Writing this before we know

I’m writing this the night before the open.

NVIDIA has just dropped another absurd quarter of AI-fueled revenue, the headlines are already calling it historic, and the futures are twitching. By the time you read this, we’ll know which version of reality we woke up in:

  • Green candles everywhere, “AI is back, baby.”
  • Or another ugly leg down, “the bubble has popped.”

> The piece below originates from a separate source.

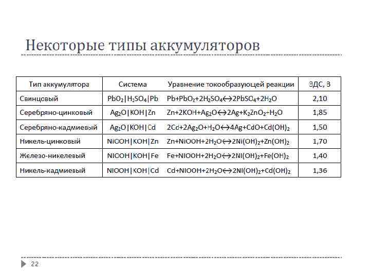Свинцово-кислотный аккумулятор Удельная предельная теоретическая энергоёмкость (Вт·ч/кг): около 133. Удельная энергоёмкость (Вт·ч/кг): 30 -60. Теоретическая удельная энергоплотность (Вт·ч/дм³): 1250 ЭДС заряжённого аккумулятора = 2, 11— 2, 17 В, рабочее напряжение 2 В (3 или 6 секций в итоге дают стандартные 6 В или 12 В соответственно) Напряжение полностью разряженного аккумулятора = 1, 75— 1, 8 В (из расчета на 1 элемент). Ниже разряжать их нельзя Рабочая температура: от − 40 C до +40 C. КПД: порядка 80— 90 %.
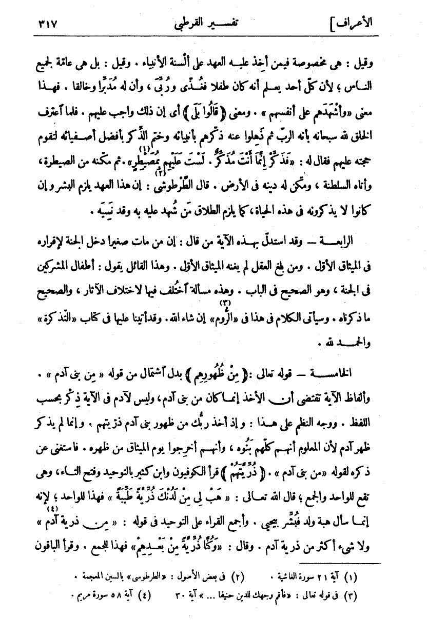 وَقِيلَ: هِيَ مَخْصُوصَةٌ فِيمَنْ أُخِذَ عَلَيْهِ الْعَهْدُ عَلَى أَلْسِنَةِ الْأَنْبِيَاءِ. وَقِيلَ: بَلْ هِيَ عَامَّةٌ لِجَمِيعِ النَّاسِ، لِأَنَّ كُلَّ أَحَدٍ يَعْلَمُ أَنَّهُ كَانَ طِفْلًا فَغُذِّيَ وَرُبِّيَ، وَأَنَّ لَهُ مُدَبِّرًا وَخَالِقًا. فَهَذَا مَعْنَى" وَأَشْهَدَهُمْ عَلى أَنْفُسِهِمْ". وَمَعْنَى (قالُوا بَلى) ٣٠ أَيْ إِنَّ ذَلِكَ وَاجِبٌ عَلَيْهِمْ. فَلَمَّا اعْتَرَفَ الْخَلْقُ لِلَّهِ سُبْحَانَهُ بِأَنَّهُ الرَّبُّ ثُمَّ ذَهَلُوا عَنْهُ ذَكَّرَهُمْ بِأَنْبِيَائِهِ وَخَتَمَ الذِّكْرَ بِأَفْضَلِ أَصْفِيَائِهِ لِتَقُومَ حُجَّتُهُ عَلَيْهِمْ فَقَالَ لَهُ:" فَذَكِّرْ إِنَّما أَنْتَ مُذَكِّرٌ. لَسْتَ عَلَيْهِمْ بِمُصَيْطِرٍ»

I have no idea which one we get.

That’s not humility. That’s the only lesson the market has ever reliably taught me: nobody knows the short-term reaction, especially after an event everyone is staring at.

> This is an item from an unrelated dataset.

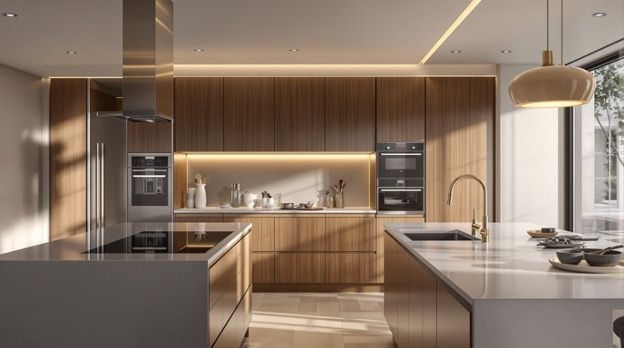 Layered lighting, including under-cabinet strips, pendants over islands, and dimmable controls, creates both visibility and atmosphere. Planning these elements early avoids costly electrical changes once cabinets are installed.

So instead of trying to guess the next tick, I want to talk about the curve underneath the chart and why, for OppenFolio, it doesn’t actually matter which way tomorrow goes.


The wrong curve

Most of what you’ll read about these earnings will live on one of two curves:

  1. The price curve

    • Did NVIDIA beat or miss?
    • Is the guidance strong enough?
    • Will margins hold?
    • Is the multiple justified?
  2. The macro curve

    • What does this mean for “AI as a bubble”?
    • Is this the next dot-com?
    • Will the Fed react?
    • Does this change the odds of a recession?

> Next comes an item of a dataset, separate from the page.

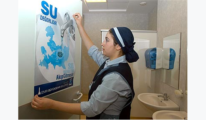 İzmir Büyükşehir Belediyesi, su tasarrufu kampanyasını tüketimin fazla olduğu okullarda ve hastanelerde yoğunlaştırdı. “Su değerlidir” adlı kampanyaya özellikle gençlerden büyük ilgi var. İzmir Büyükşehir Belediyesi tarafından su kaynaklarının etkin kullanımı amacıyla “Su değerlidir, akıp gitmesin” ve “Su hayattır, boşa harcamayın” sloganlarıyla başlatılan kampanya, toplumun tüm kesimlerine yayılıyor. Okullar, hastaneler ve toplu ulaşım araçları başta olmak üzere, her yer suyun nasıl tasarruflu kullanılması gerektiğini anlatan broşür ve çıkartmalarla donatılıyor. Su tasarrufuna ilişkin kampanyaya özellikle gençler büyük ilgi gösteriyor.

Those are fine questions. They’re just not the main question.

The real curve — the one I care about when I design systems like OppenFolio — is this:

How fast is AI changing what individual humans can do with an hour of their time?

That curve is almost completely invisible in price action, and totally obvious if you sit inside a large company right now and watch what’s happening on the ground.


The trench-level reality

Here’s the short version of what I’ve been watching from inside a very large fruit-flavored company:

  • Projects scoped for 12 weeks are getting done in one.
  • Not by a hundred-person tiger team. By one engineer + an LLM.
  • Pull requests with hundreds of changed files, new modules, test coverage, all drafted by a model and steered by a human who two months earlier didn’t want AI in the workflow at all.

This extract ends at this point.